Diversamente dal solito, questa volta proviamo a procedere al contrario, cioè elencando prima le
tipologie di documenti che normalmente vengono comprese nel novero della letteratura grigia e poi
derivandone una definizione. Successivamente dalla definizione tenteremo di far emergere gli specifici
osservabili, ovvero le proprietà peculiari che fanno di qualcosa un oggetto documentale attinente alla
letteratura grigia.
Dunque entrano di diritto nella “letteratura grigia” almeno:
• i rapporti e le relazioni ad argomento scientifico e tecnologico (preliminari, preparatori, finali
o relativi agli step intermedi);
• i testi degli interventi presentati a convegni, seminari, conferenze o lezioni (quindi prolusioni,
relazioni, presentazioni, comunicazioni di vario tipo, abstract di ogni genere, eccetera);
• i discorsi delle autorità – pronunciati ad esempio in occasioni formali e ufficiali;
• le bibliografie, le statistiche;
• le traduzioni, le dispense rilasciate per i corsi universitari, o per i seminari di formazione e
aggiornamento professionale;
• le tesi di laurea, di dottorato e di specializzazione;
• le pubblicazioni di istituzioni internazionali, nazionali e locali (relazioni ufficiali, rapporti, libri
bianchi, indagini conoscitive, programmi, resoconti su lavori di commissioni e di gruppi di
studio, risultati di ricerche, dossier);
• i testi a vario titolo prodotti da imprese private ed organizzazioni (piani strategici, guide
esplicative, ricerche di mercato, descrizione di procedure e processi, descrizioni di strutture
organizzative);
• e ancora le linee guida, tutta la normativa tecnica (interna e non pubblicata), i protocolli
clinici, gli studi di fattibilità.
Tutti questi documenti evidenziano specifiche proprietà comuni che definiscono il vastissimo
insieme della cosiddetta “letteratura grigia”. Cerchiamo dunque di capire quali sono queste particolarità.
L’aspetto più evidente è che nessuno di questi oggetti documentali è prodotto ricorrendo a
servizi editoriali e di distribuzione erogati da “editori professionisti” o comunque da entità la cui
attività principale è l’editoria commerciale.
In secondo luogo – e la cosa è ovviamente relata a quanto appena detto – proprio perché tali
prodotti non si affidano ai canali della distribuzione commerciale (o “ufficiale”) risultano molto spesso
di difficile reperimento.
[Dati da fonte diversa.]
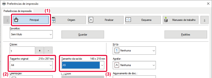 3. Selecione o tamanho de papel real a utilizar na impressão em [Tamanho da saída] (por exemplo: A4).

Questo però non vuol affatto dire che siano affetti da una qualche sistema di
classifica di riservatezza (anzi, come avremo modo di vedere successivamente, è esattamente il
contrario).
In terzo luogo proprio per via dell’assenza del contributo professionale di un editore, tali
prodotti di solito presentano una certa semplicità nella forma tipografica (aspetto grafico poco
ricercato, rilegatura spesso non professionale o addirittura non rilegati, assenza della copertina nei i
prodotti cartacei o – per i prodotti digitali – una non eccessiva attenzione alla compatibilità tra i formati
dei file e le varie piattaforme di accesso).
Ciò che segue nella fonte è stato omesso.